🤖 AI Summary
Whether expert routing in large-scale Mixture-of-Experts (MoE) models—specifically DeepSeek-R1—transcends the conventional token-driven paradigm to achieve semantic-level specialization remains unclear.
Method: We conduct systematic analysis via word sense disambiguation, interactive cognitive reasoning in DiscoveryWorld, expert activation pattern visualization, and statistical attribution analysis.
Contribution/Results: (1) Polysemous words consistently activate distinct expert subsets across different semantic contexts; (2) complex reasoning tasks elicit staged, modular expert collaboration; (3) we provide the first empirical evidence in an ultra-large open-source MoE model that expert activation exhibits strong semantic specificity—revealing an emergent “scale-driven semantic specialization” phenomenon.
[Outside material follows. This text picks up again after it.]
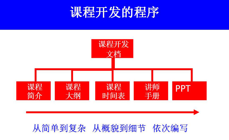在整个课程开发的过程中,比较重要的是课程大纲的编写。课程大纲是在明确了培训主题和了解培训对象之后,对培训内容和培训方式的初步设想,大纲给课程定了一个方向和框架,整个课程将围绕着这个框架一步步充实和延伸。课程大纲将给出本课程的主要内容和学习的方向。
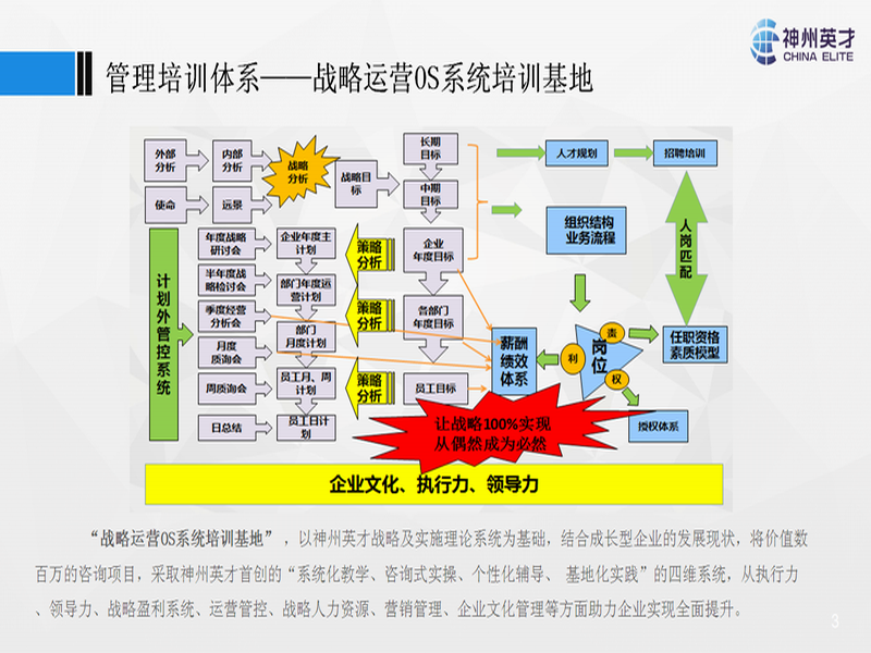 神州英才致力于中國成長型企業(yè)的正規(guī)化、國際化、持續(xù)化,專注于為中國成長型企業(yè)提供戰(zhàn)略規(guī)劃、業(yè)務(wù)運(yùn)營管理、品牌營銷、人力資源管理、企業(yè)文化等管理咨詢與培訓(xùn)服務(wù),同時(shí)通過多 層次資本服務(wù)平臺(tái)為中小企業(yè)提供企業(yè)上市、企業(yè)并購、企業(yè)投融資等相關(guān)服務(wù)。

This challenges the prevailing view that MoE routing relies solely on shallow lexical features, demonstrating instead that semantic abstraction emerges robustly with scale.
📝 Abstract
DeepSeek-R1, the largest open-source Mixture-of-Experts (MoE) model, has demonstrated reasoning capabilities comparable to proprietary frontier models. Prior research has explored expert routing in MoE models, but findings suggest that expert selection is often token-dependent rather than semantically driven. Given DeepSeek-R1's enhanced reasoning abilities, we investigate whether its routing mechanism exhibits greater semantic specialization than previous MoE models. To explore this, we conduct two key experiments: (1) a word sense disambiguation task, where we examine expert activation patterns for words with differing senses, and (2) a cognitive reasoning analysis, where we assess DeepSeek-R1's structured thought process in an interactive task setting of DiscoveryWorld. We conclude that DeepSeek-R1's routing mechanism is more semantically aware and it engages in structured cognitive processes.